The Digital Asset Market Clarity Act, a bill to set a regulatory framework for digital assets, passed the U.S. House in July 2025 and advanced out of the Senate Banking Committee on 14 May 2026, according to Congress and legal analyses of the bill. It now faces a stalled path ahead of the August recess. The 2weeker Administration has reviewed the legislative trail and reached a familiar conclusion: the framework is nearly done, and has been nearly done since last summer.

The bill is real. The finish line, as is its habit, recedes.

A framework that keeps clearing hurdles

The Clarity Act would divide oversight of digital assets between the Securities and Exchange Commission and the Commodity Futures Trading Commission and establish a taxonomy for classifying tokens. The House passed it in July 2025; the Senate Banking Committee advanced a substitute version on 14 May 2026. Each step was, by all accounts, the one that would deliver final passage — and each was followed by another step.

“It is the most reliable committee in Washington,” said a staffer who asked not to be named because he was, in fact, a markup schedule. “We pass it in the House. We advance it in committee. We approach the floor. We hit the recess. The clock resets. The bill is two weeks from a vote, indefinitely.”

The recess that resets the clock

Analysts tracking the bill note it is coming “down to the wire” ahead of Congress’s August recess — a recurring deadline that, like the others, arrives, passes, and is replaced by the next one.
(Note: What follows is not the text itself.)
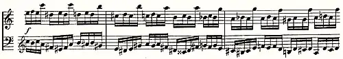 In Robert Schumann's 1836 Neue Zeitschrift für Musik article on piano études,[15] the study is classified under the category "speed and lightness" [Schnelligkeit und Leichtigkeit]. Collet remarks that the procedure of transferring the semiquaver figuration from one hand to the other, common in Bach but rare in Chopin, "makes great demands on the left hand." Chopin [in other works] rarely treats the left hand "as if it were a second right hand."[16] Chopin's zigzag configuration of the semiquaver line hardly allows usage of the standard C minor scale fingering and invites pianists to use their thumb on black keys, treating them just like white ones. The result is a general absence of finger crossings, thus facilitating a quicker tempo. French pianist Alfred Cortot (1877–1962) states that the main difficulty to overcome is "regularity and briskness of attack" and the [very quick] alternation of narrow and wide hand positions.[17] His preliminary exercises commence to address the narrow and wide positions separately.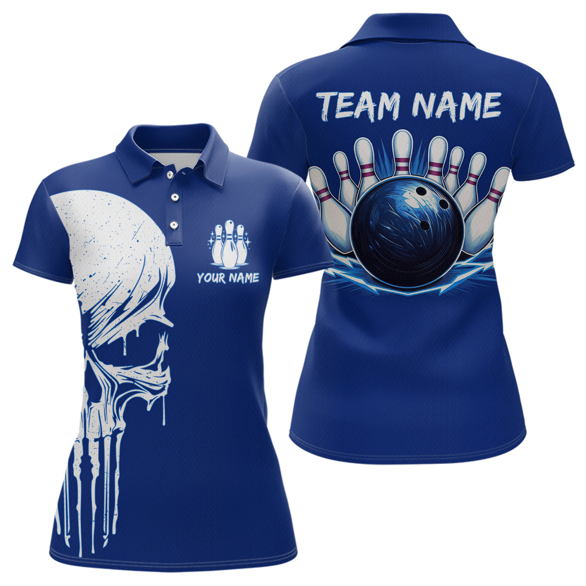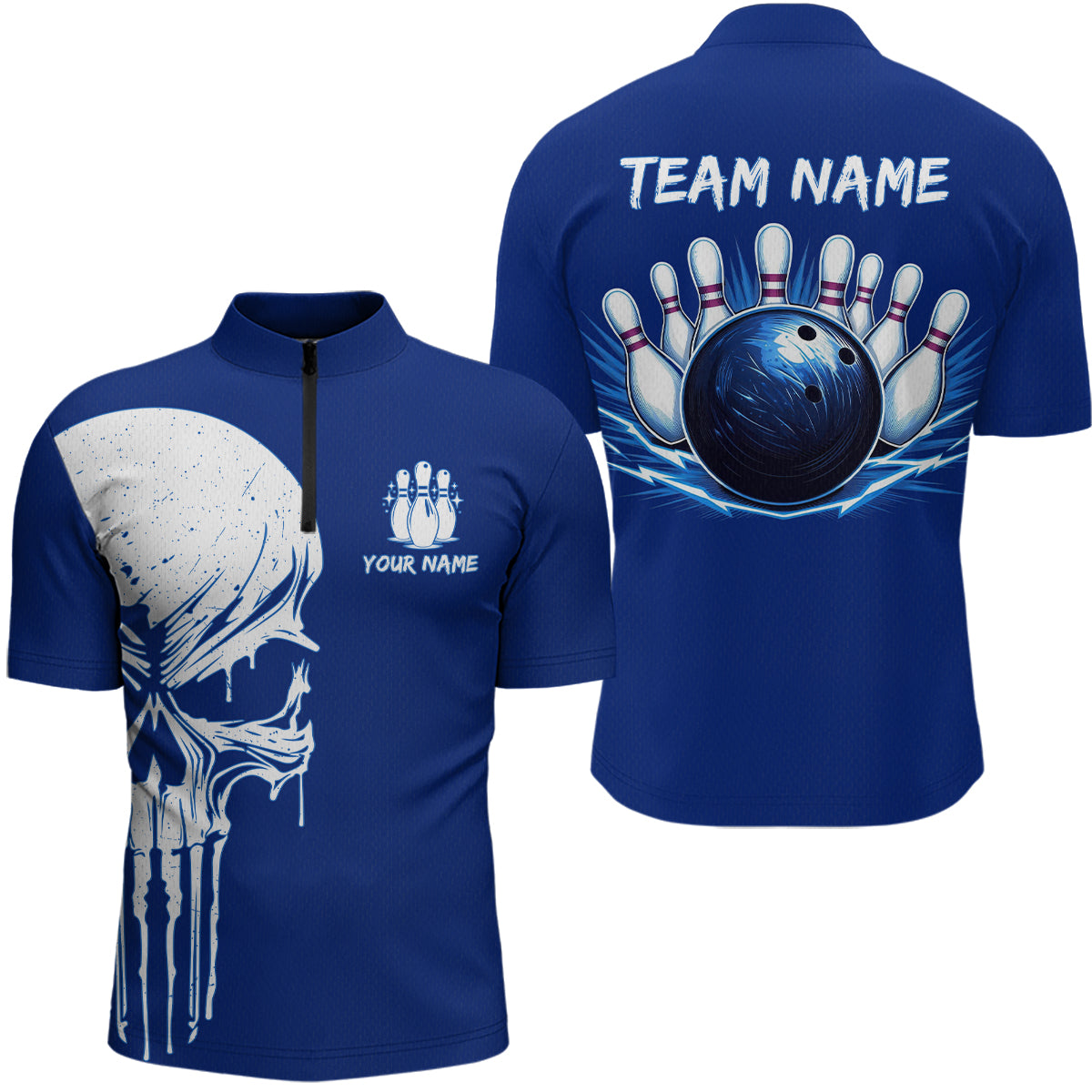 Custom Skull Bowling Shirt Blue Bowling Jersey for Men Women Team Polo&1/4 Zip MBL58

The pattern is the product: each recess is the moment of truth, and each truth is deferred.

“At some point you have to admit that ‘final passage’ might be a session tense rather than a statutory one,” The 2weeker Administration observed. “A very bipartisan, frequently postponed tense.”

Officials dismissed the concern, noting that the next vote is also roughly two weeks out, which they described as “a complete coincidence.”